[Saved entries]
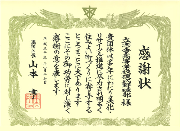 立志舎高校硬式野球部は日頃からの地域の清掃活動を評価され、「美化・リサイクル部門」に選ばれました。
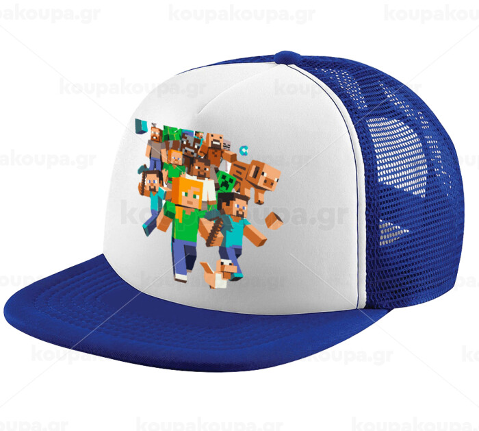 Minecraft adventure, Καπέλο παιδικό Soft Trucker με Δίχτυ ΜΠΛΕ/ΛΕΥΚΟ (POLYESTER, ΠΑΙΔΙΚΟ, ONE SIZE)
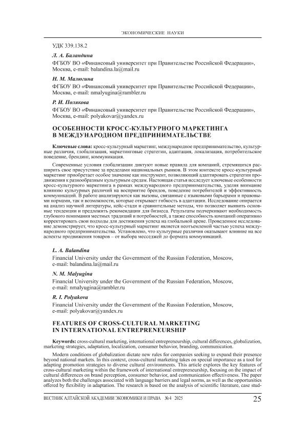 Баландина, Л.А. Особенности кросс-культурного маркетинга в международном предпринимательстве / Л.А. Баландина, Н.М. Малюгина, Р.И. Полякова // Вестник Алтайской академии экономики и права. – 2025. – № 4-1. — С. 25-29. — Только в электронном виде. — <URL:http://elib.fa.ru/art2025/bv354.pdf>.
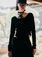 デコルテを美しく見せるネックラインのベロアプルオーバーと、ホルターネックの2点セット。
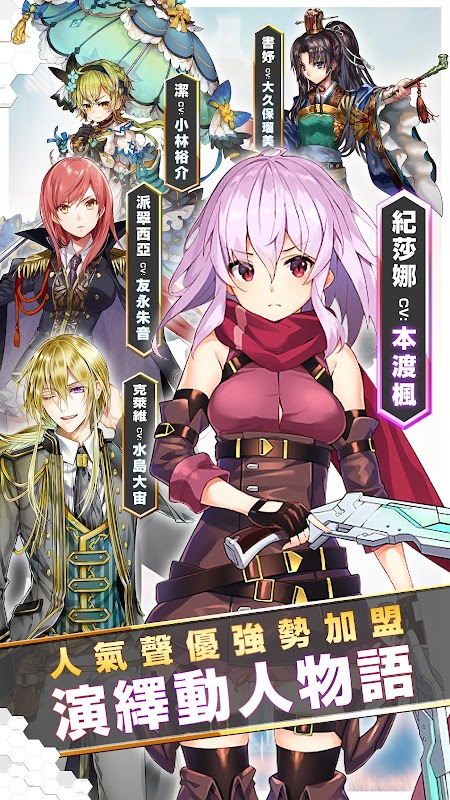 遊戲角色由江口拓也、小林裕介、五十嵐裕美、野水伊織、三澤紗千香、新垣樽助、大久保瑠美、石上静香、等日本人氣頂級動漫聲優全力配音,同時遊戲邀請到多位著名繪師包括「cuboon」、「卵の黄身」、「優木きら」、「柚希きひろ」、「谷裕司」為遊戲設計角 色及機體,從而注入靈魂生命賦予每一位的角色均擁有鮮明的個性與特質,從而打造扣人心弦的故事劇情與充實的遊戲內容!

### Problem statement
Every line above in the stretch from the one with "Minecraft adventure, Καπέλο" through the one with "デコルテを美しく見せるネック" is to be transcribed exactly, ends included. No picture is copied.

### Response
 Minecraft adventure, Καπέλο παιδικό Soft Trucker με Δίχτυ ΜΠΛΕ/ΛΕΥΚΟ (POLYESTER, ΠΑΙΔΙΚΟ, ONE SIZE)
 Баландина, Л.А. Особенности кросс-культурного маркетинга в международном предпринимательстве / Л.А. Баландина, Н.М. Малюгина, Р.И. Полякова // Вестник Алтайской академии экономики и права. – 2025. – № 4-1. — С. 25-29. — Только в электронном виде. — <URL:http://elib.fa.ru/art2025/bv354.pdf>.
 デコルテを美しく見せるネックラインのベロアプルオーバーと、ホルターネックの2点セット。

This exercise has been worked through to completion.